1,1,2,2,2,2,3,3,3,4,5,6,6,6,7,7

in a map:

Map<Int,Int> map = ...
map.put(1,2)
map.put(2,4)
map.put(3,3)
map.put(4,1)
map.put(5,1)
map.put(6,3)
map.put(7,2)

double median = calculateMedian(map);
print(median);

would result in:

> print(median);
3
>

So what i am looking for is a java implementation of calculateMedian.

Answer 1

Linear time

If you know the total of the numbers (in your case it is 16) you can go from the beginning or the end of the map and sum up the counts until you get to round(n/2)th element, or in case the sum is even to average of floor(n/2)th and ceil(n/2)th elements = median.

If you don't know the total count you will have to go through all of them at least once.

Sublinear time

If you can decide on the data structure and can do pre-processing see wikipedia on selection algorithm and you might get even sublinear algorithm. You can also get sublinear time if you know something about the distribution of the data.

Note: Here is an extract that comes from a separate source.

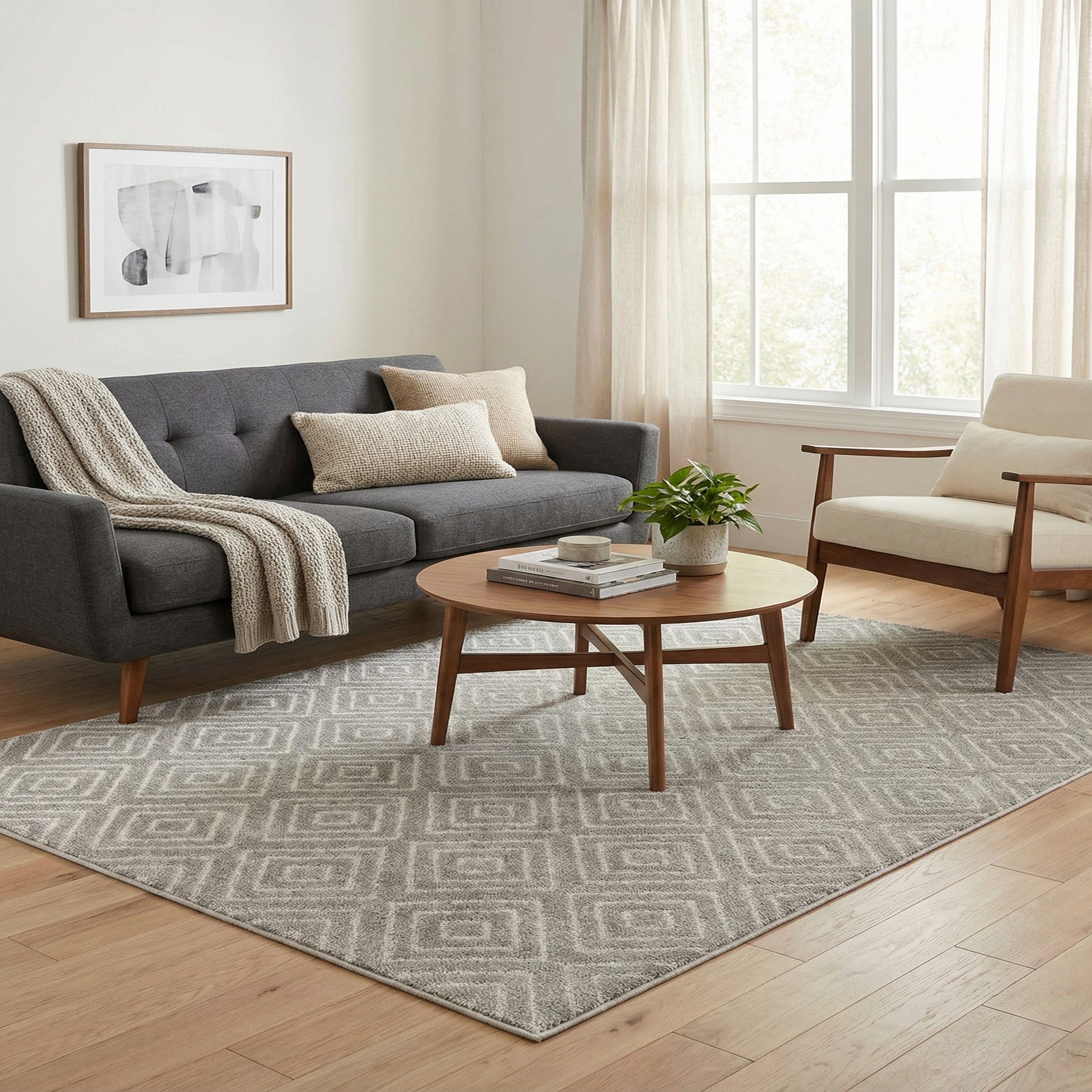 A 5x8 rectangular gray modern rug with a repeating diamond pattern, suitable for indoor or outdoor use.

EDIT: So under assumption that we have a sequence with counts what we can do is

• while inserting the key -> count pairs maintain another map - key -> running_total
• this way you will have a structure in which you will be able to get total_count by looking at the last key's running_total
• and you will be able to do a binary search to locate the element where running total is close to total_count/2

This will double the memory usage, but will give O(log n) performance for median and O(1) for total_count.

Answer 2

Using Guava:

Multiset<Integer> values = TreeMultiset.create();
Collections.addAll(values, 1,1,2,2,2,2,3,3,3,4,5,6,6,6,7,7);

Now the answer to your question is:

return Iterables.get(values, (values.size() - 1) / 2);

Really. That's it. (Or check if size is even and average the two central values, to be precise about it.)

If the counts are particularly large, it would be faster to use the multiset's entrySet and keep a running sum, but the simplest way is usually fine.